Data for this task
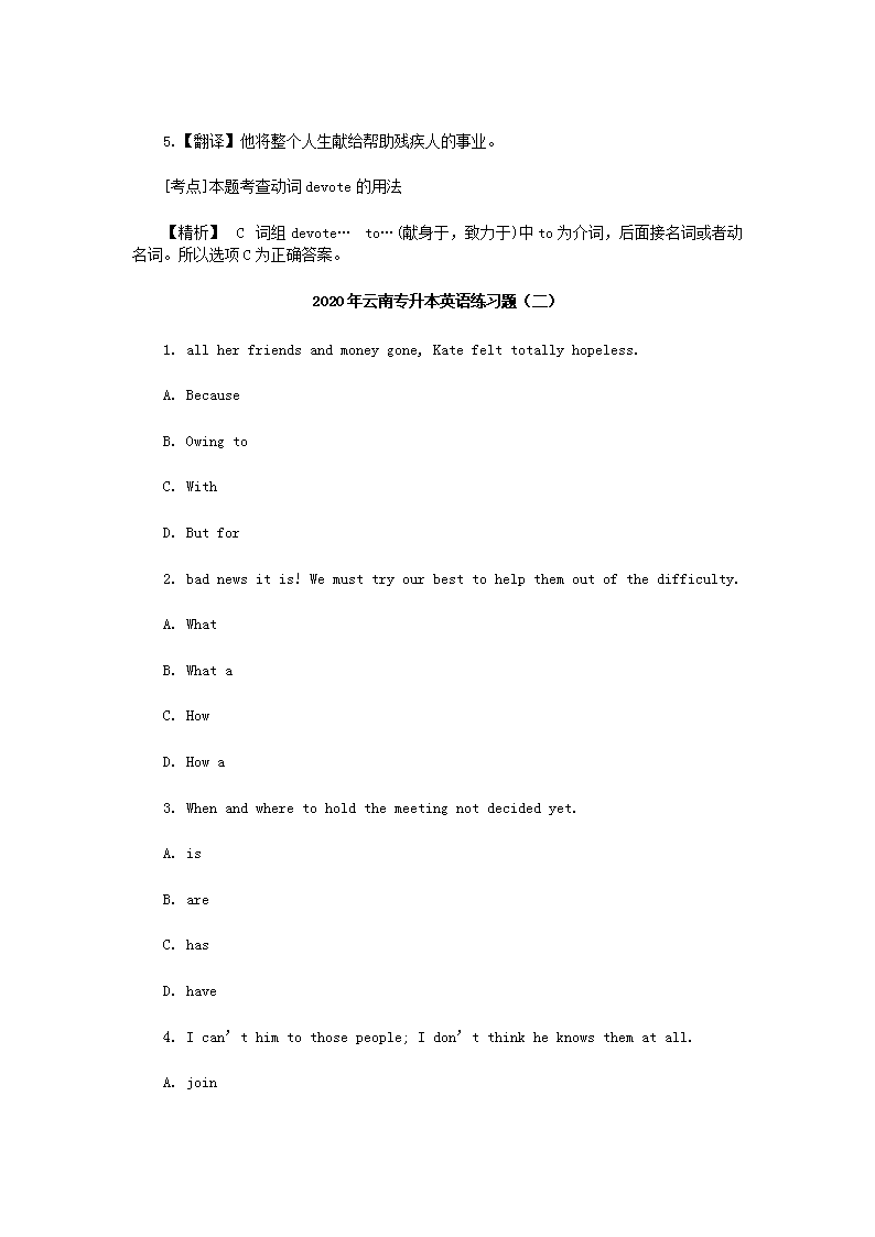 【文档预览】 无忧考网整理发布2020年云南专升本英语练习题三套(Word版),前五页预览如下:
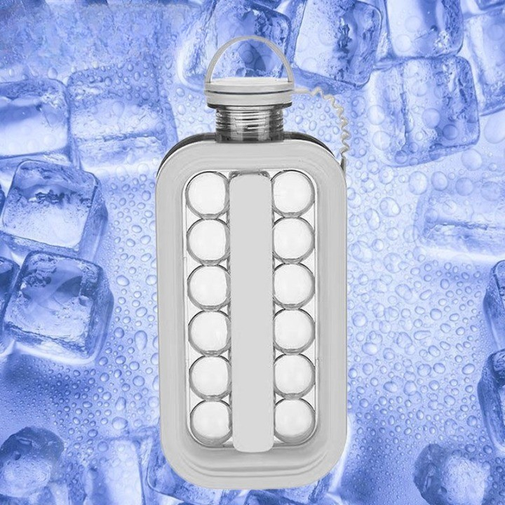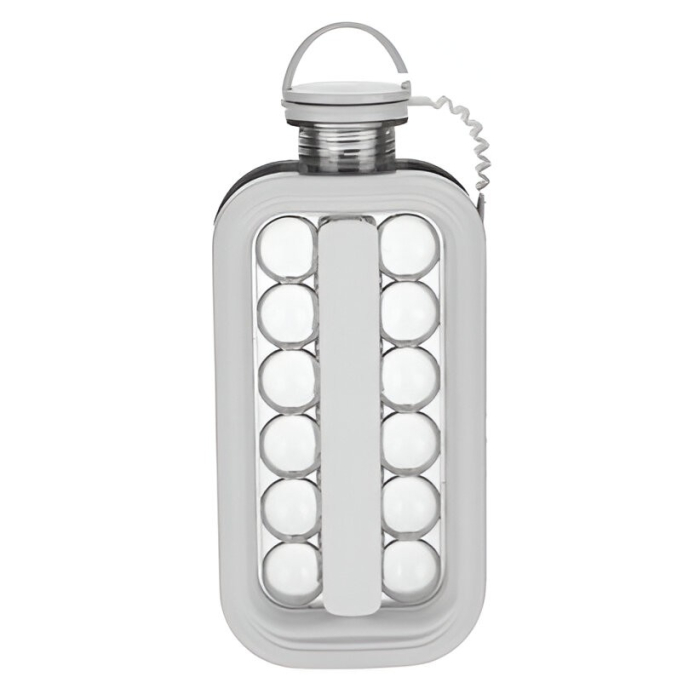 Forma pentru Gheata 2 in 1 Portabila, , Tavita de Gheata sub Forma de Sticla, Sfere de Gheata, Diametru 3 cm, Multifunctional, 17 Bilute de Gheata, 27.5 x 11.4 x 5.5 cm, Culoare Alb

---

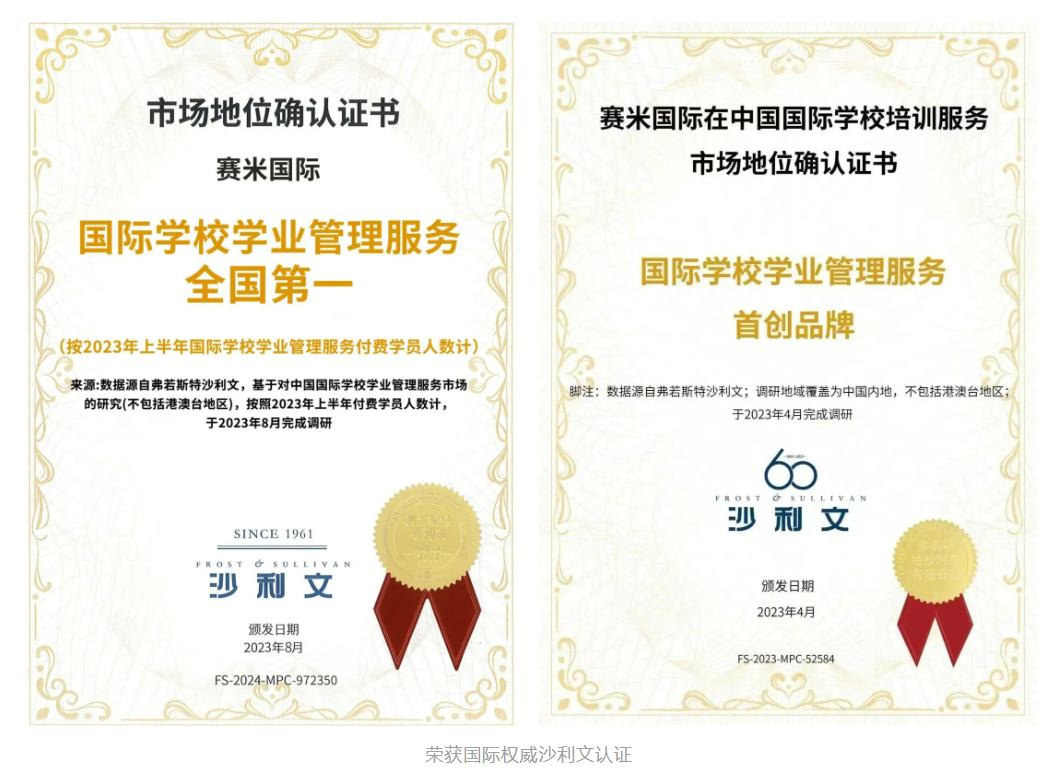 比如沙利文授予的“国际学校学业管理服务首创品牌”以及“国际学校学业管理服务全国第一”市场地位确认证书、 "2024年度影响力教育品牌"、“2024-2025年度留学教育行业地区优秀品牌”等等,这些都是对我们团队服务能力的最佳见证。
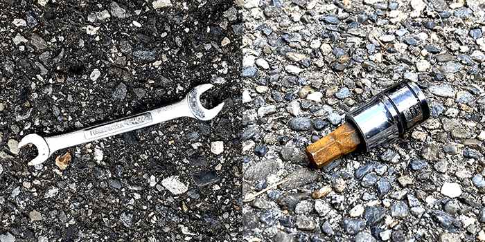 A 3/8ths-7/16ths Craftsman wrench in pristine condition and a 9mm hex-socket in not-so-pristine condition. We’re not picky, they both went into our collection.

* * *

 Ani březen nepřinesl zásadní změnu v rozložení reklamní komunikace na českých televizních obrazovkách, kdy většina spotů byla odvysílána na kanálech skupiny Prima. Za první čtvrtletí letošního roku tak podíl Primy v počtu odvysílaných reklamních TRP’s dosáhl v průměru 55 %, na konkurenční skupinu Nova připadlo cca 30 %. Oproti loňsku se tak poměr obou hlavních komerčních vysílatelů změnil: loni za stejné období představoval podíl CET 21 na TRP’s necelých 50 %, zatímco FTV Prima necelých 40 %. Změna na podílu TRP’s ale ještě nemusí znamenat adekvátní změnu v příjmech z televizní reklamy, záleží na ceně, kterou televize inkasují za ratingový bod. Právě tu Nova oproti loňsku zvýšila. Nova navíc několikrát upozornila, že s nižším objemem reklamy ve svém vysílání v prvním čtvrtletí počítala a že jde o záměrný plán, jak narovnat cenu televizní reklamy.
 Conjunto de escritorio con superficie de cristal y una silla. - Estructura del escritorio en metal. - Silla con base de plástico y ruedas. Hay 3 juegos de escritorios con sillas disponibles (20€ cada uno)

Your task
Starting at the line above that contains "Ani březen nepřinesl", repeat each line exactly up to and including the line that contains "Conjunto de escritorio", and stop there.

Result of the exercise
 Ani březen nepřinesl zásadní změnu v rozložení reklamní komunikace na českých televizních obrazovkách, kdy většina spotů byla odvysílána na kanálech skupiny Prima. Za první čtvrtletí letošního roku tak podíl Primy v počtu odvysílaných reklamních TRP’s dosáhl v průměru 55 %, na konkurenční skupinu Nova připadlo cca 30 %. Oproti loňsku se tak poměr obou hlavních komerčních vysílatelů změnil: loni za stejné období představoval podíl CET 21 na TRP’s necelých 50 %, zatímco FTV Prima necelých 40 %. Změna na podílu TRP’s ale ještě nemusí znamenat adekvátní změnu v příjmech z televizní reklamy, záleží na ceně, kterou televize inkasují za ratingový bod. Právě tu Nova oproti loňsku zvýšila. Nova navíc několikrát upozornila, že s nižším objemem reklamy ve svém vysílání v prvním čtvrtletí počítala a že jde o záměrný plán, jak narovnat cenu televizní reklamy.
 Conjunto de escritorio con superficie de cristal y una silla. - Estructura del escritorio en metal. - Silla con base de plástico y ruedas. Hay 3 juegos de escritorios con sillas disponibles (20€ cada uno)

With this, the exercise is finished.